Entries supplied:
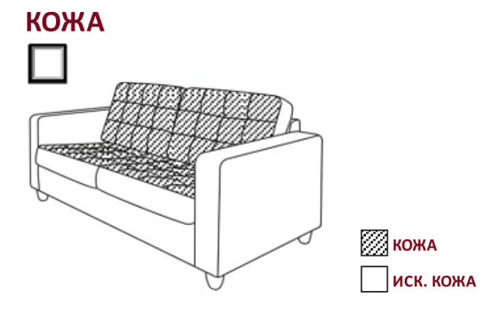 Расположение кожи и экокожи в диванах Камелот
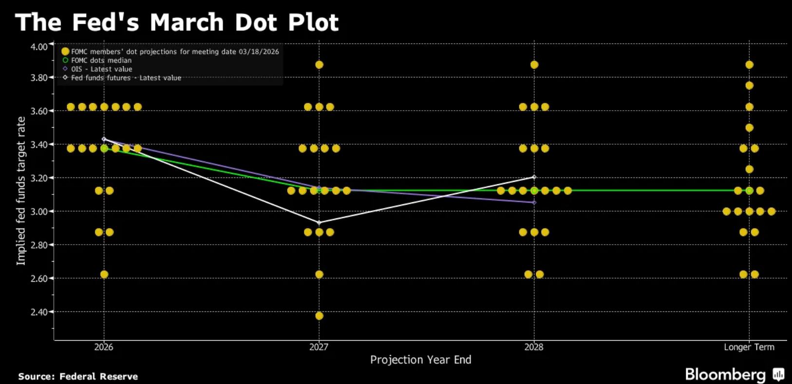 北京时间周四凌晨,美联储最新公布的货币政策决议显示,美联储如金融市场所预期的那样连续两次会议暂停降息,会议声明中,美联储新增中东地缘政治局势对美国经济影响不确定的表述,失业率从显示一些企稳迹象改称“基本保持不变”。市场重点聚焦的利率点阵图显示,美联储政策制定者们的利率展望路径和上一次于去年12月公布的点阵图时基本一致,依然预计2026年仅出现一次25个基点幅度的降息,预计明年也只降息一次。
--
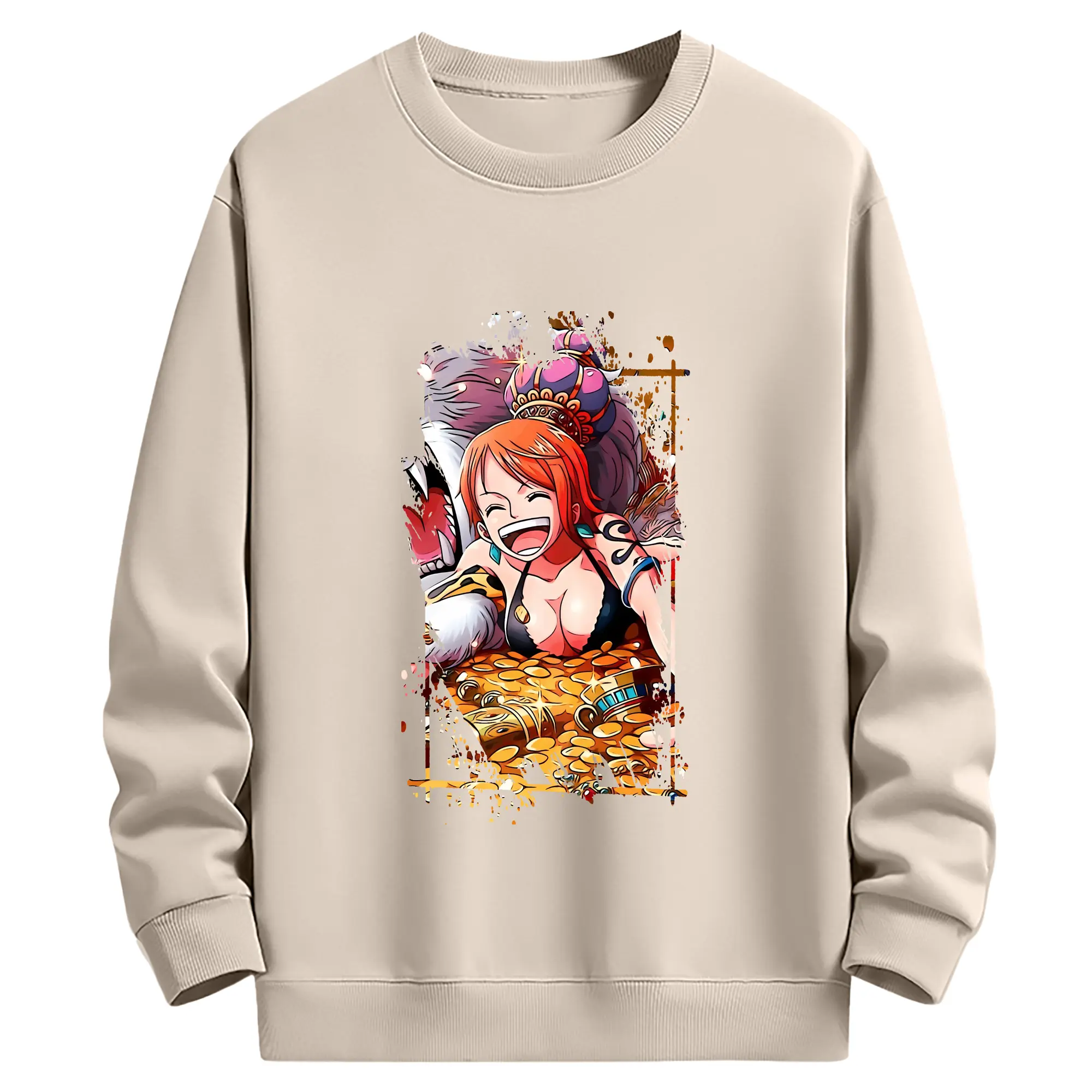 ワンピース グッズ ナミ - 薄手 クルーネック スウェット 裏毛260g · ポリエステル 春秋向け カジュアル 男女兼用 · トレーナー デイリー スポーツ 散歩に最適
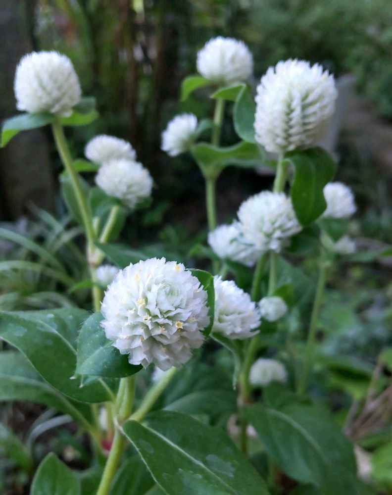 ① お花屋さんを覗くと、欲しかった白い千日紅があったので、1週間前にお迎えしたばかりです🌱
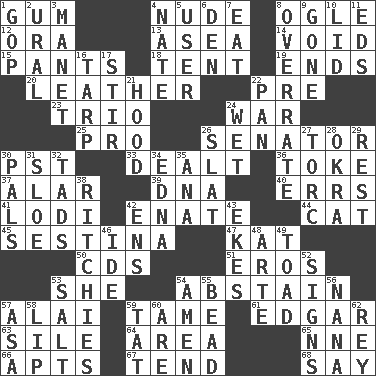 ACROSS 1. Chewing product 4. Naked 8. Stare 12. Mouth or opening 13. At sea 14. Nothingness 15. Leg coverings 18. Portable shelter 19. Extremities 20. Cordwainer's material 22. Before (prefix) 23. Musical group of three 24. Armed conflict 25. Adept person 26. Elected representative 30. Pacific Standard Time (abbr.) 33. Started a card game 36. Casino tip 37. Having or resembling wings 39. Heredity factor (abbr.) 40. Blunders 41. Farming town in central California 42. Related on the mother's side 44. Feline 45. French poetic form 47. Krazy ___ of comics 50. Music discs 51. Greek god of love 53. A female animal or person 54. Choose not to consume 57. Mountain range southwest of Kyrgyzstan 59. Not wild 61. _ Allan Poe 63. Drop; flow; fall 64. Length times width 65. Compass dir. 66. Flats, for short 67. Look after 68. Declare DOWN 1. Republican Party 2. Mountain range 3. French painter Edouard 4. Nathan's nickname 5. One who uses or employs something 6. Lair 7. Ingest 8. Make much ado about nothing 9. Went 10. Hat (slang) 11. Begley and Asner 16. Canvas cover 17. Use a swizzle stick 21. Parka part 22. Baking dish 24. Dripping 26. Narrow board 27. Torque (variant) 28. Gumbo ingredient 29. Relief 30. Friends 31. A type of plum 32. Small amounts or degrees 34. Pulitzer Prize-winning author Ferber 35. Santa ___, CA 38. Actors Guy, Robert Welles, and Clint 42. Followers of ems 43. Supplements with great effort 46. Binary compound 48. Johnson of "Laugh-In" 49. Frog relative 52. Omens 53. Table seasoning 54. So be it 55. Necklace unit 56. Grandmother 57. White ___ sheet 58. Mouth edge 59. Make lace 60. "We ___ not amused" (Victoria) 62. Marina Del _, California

Problem:
Make an exact copy of the lines above, beginning with the line with "ワンピース グッズ ナミ" and ending with the line with "ACROSS 1. Chewing", and keep the pictures out of it.

Result of this exercise:
 ワンピース グッズ ナミ - 薄手 クルーネック スウェット 裏毛260g · ポリエステル 春秋向け カジュアル 男女兼用 · トレーナー デイリー スポーツ 散歩に最適
 ① お花屋さんを覗くと、欲しかった白い千日紅があったので、1週間前にお迎えしたばかりです🌱
 ACROSS 1. Chewing product 4. Naked 8. Stare 12. Mouth or opening 13. At sea 14. Nothingness 15. Leg coverings 18. Portable shelter 19. Extremities 20. Cordwainer's material 22. Before (prefix) 23. Musical group of three 24. Armed conflict 25. Adept person 26. Elected representative 30. Pacific Standard Time (abbr.) 33. Started a card game 36. Casino tip 37. Having or resembling wings 39. Heredity factor (abbr.) 40. Blunders 41. Farming town in central California 42. Related on the mother's side 44. Feline 45. French poetic form 47. Krazy ___ of comics 50. Music discs 51. Greek god of love 53. A female animal or person 54. Choose not to consume 57. Mountain range southwest of Kyrgyzstan 59. Not wild 61. _ Allan Poe 63. Drop; flow; fall 64. Length times width 65. Compass dir. 66. Flats, for short 67. Look after 68. Declare DOWN 1. Republican Party 2. Mountain range 3. French painter Edouard 4. Nathan's nickname 5. One who uses or employs something 6. Lair 7. Ingest 8. Make much ado about nothing 9. Went 10. Hat (slang) 11. Begley and Asner 16. Canvas cover 17. Use a swizzle stick 21. Parka part 22. Baking dish 24. Dripping 26. Narrow board 27. Torque (variant) 28. Gumbo ingredient 29. Relief 30. Friends 31. A type of plum 32. Small amounts or degrees 34. Pulitzer Prize-winning author Ferber 35. Santa ___, CA 38. Actors Guy, Robert Welles, and Clint 42. Followers of ems 43. Supplements with great effort 46. Binary compound 48. Johnson of "Laugh-In" 49. Frog relative 52. Omens 53. Table seasoning 54. So be it 55. Necklace unit 56. Grandmother 57. White ___ sheet 58. Mouth edge 59. Make lace 60. "We ___ not amused" (Victoria) 62. Marina Del _, California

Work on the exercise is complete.